• _Exercise goal_: Starting with the first line below, extract each line through the one that contains "BLANK INTERIOR FOR", inclusive, excluding pictures.

• _Information provided_:
——————
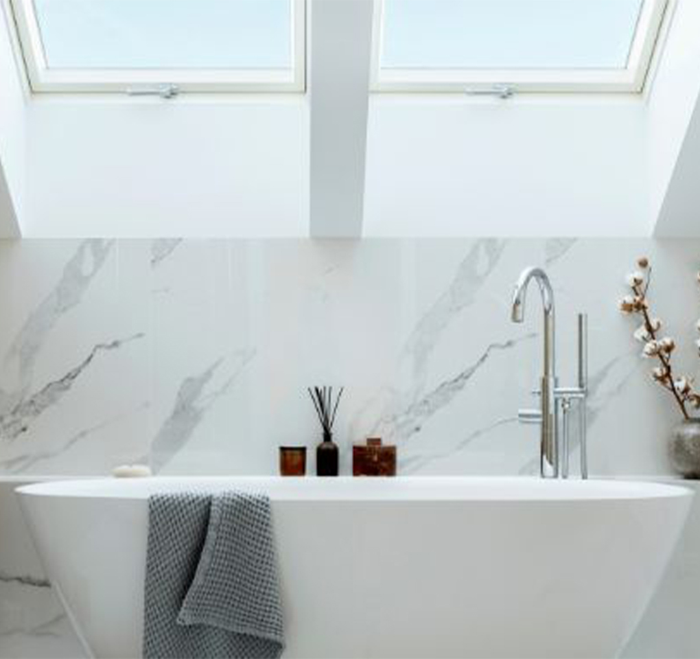 Vient ensuite la difficile combinaison à trouver entre luminosité et respect de votre intimité. Et ce d’autant plus si vos voisins profitent d’une vue plongeante dans votre salle de bains ! Le choix du vitrage de votre salle de bains requiert donc toute votre attention.
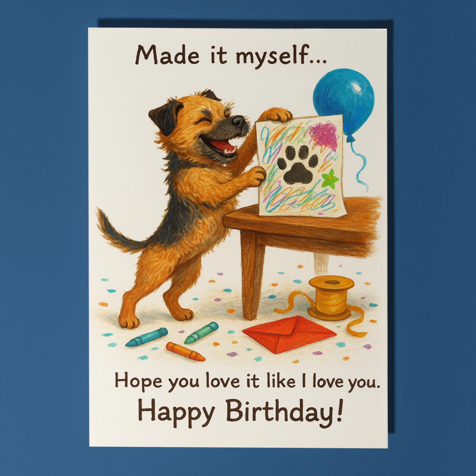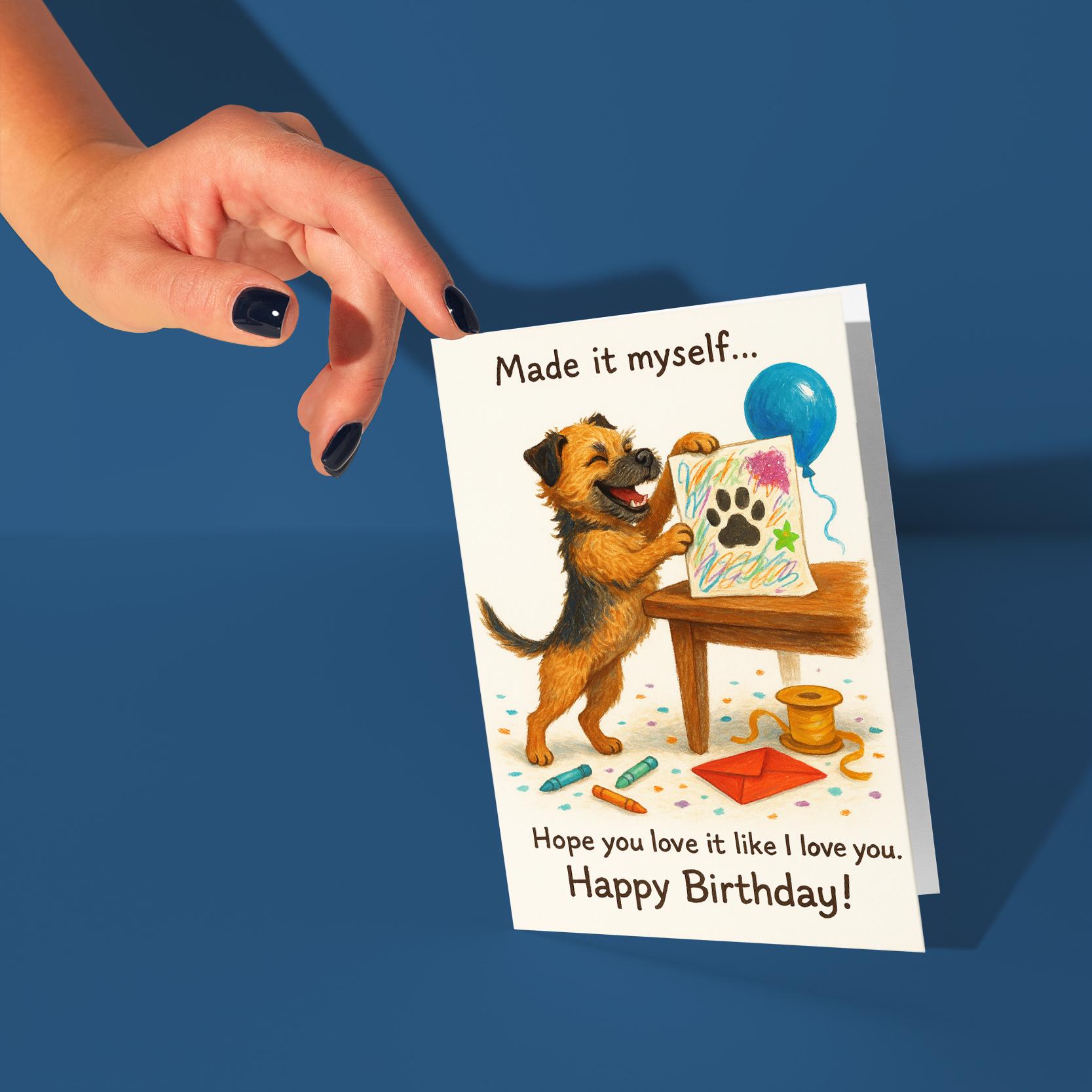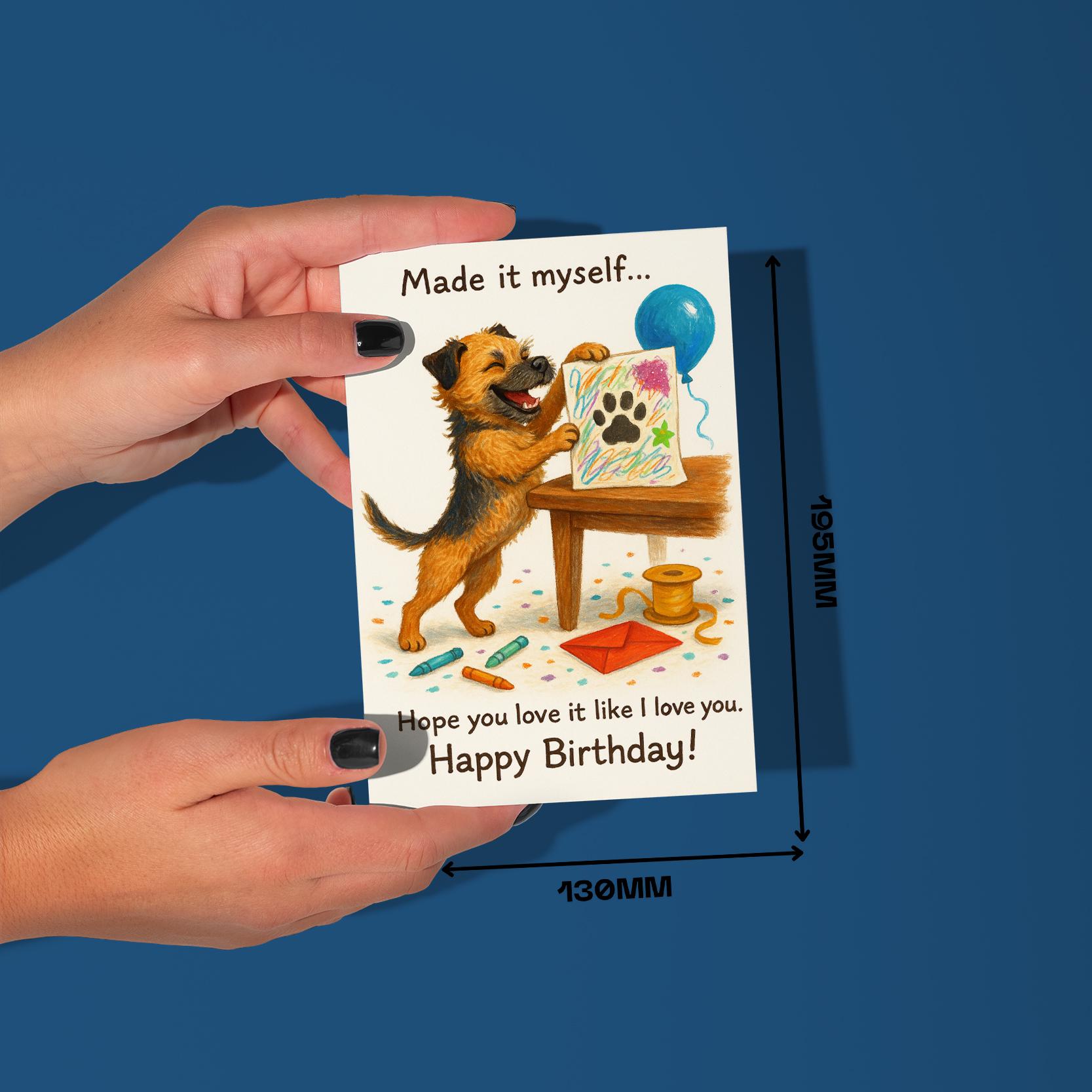 BLANK INTERIOR FOR A PERSONAL TOUCH: Our Funny Border Terrier dog - Made it myself... Hope you love it like I love you. Happy Birthday! card and other whimsical designs feature a blank interior, giving you ample space to write a personal message from the heart. Perfect for any occasion, each card comes with a matching white envelope, making it easy to send your unique sentiments to loved ones.
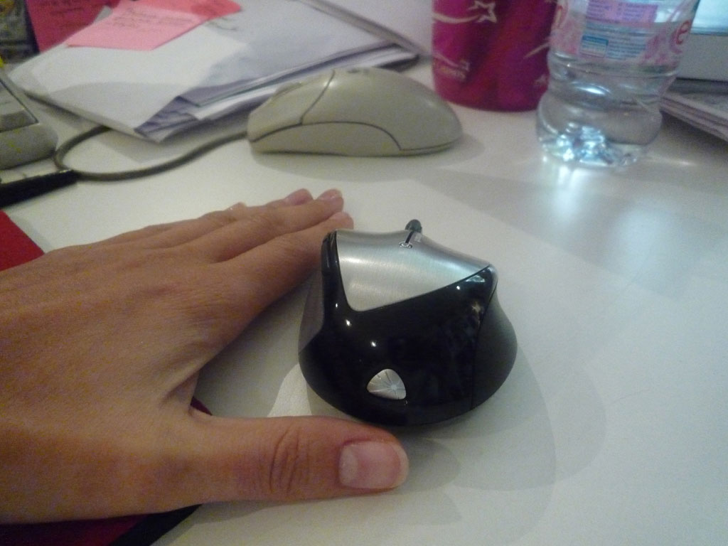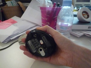 La première prise en main est, je l’avoue, un peu surprenante. En effet cette souris est plus petite qu’une souris standard et je n’ai encore jamais eu l’occasion d’utiliser réellement des souris pour portables. La main est penchée et recouvre toute la souris. Si ça m’a perturbé quelques instants, j’ai fini par m’y habituer et la trouver hyper confortable. L’ergonomie est parfaite (si vous êtes droitier – pas de modèle gaucher et ça c’est pas bien !) et elle est hyper facile à manipuler.
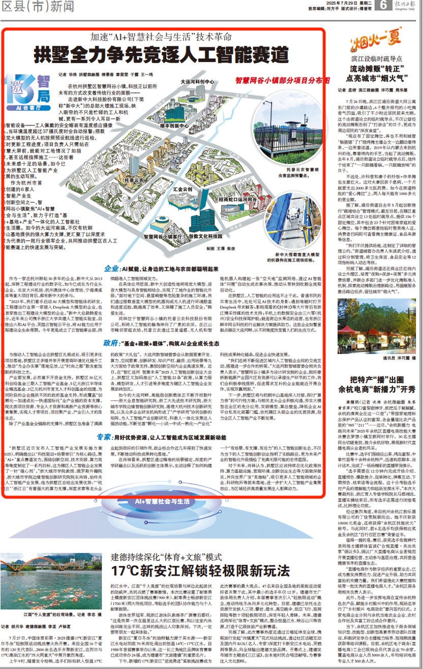 作为杭州市首批创建的6家人工智能产业生态创新空间,区智慧网谷小镇聚焦"AI+智慧社会与生活",着力打造"基金+基地+产业"一体化的人工智能社会生活圈。依托杭钢半山基地强大算力支撑聚力打造"中国算谷",在以深度求索等为代表的重点企业引领下,拱墅区正在人工智能赛道上快速发展、不断突破。
——————
• _Problem solution_:
 Vient ensuite la difficile combinaison à trouver entre luminosité et respect de votre intimité. Et ce d’autant plus si vos voisins profitent d’une vue plongeante dans votre salle de bains ! Le choix du vitrage de votre salle de bains requiert donc toute votre attention.
 BLANK INTERIOR FOR A PERSONAL TOUCH: Our Funny Border Terrier dog - Made it myself... Hope you love it like I love you. Happy Birthday! card and other whimsical designs feature a blank interior, giving you ample space to write a personal message from the heart. Perfect for any occasion, each card comes with a matching white envelope, making it easy to send your unique sentiments to loved ones.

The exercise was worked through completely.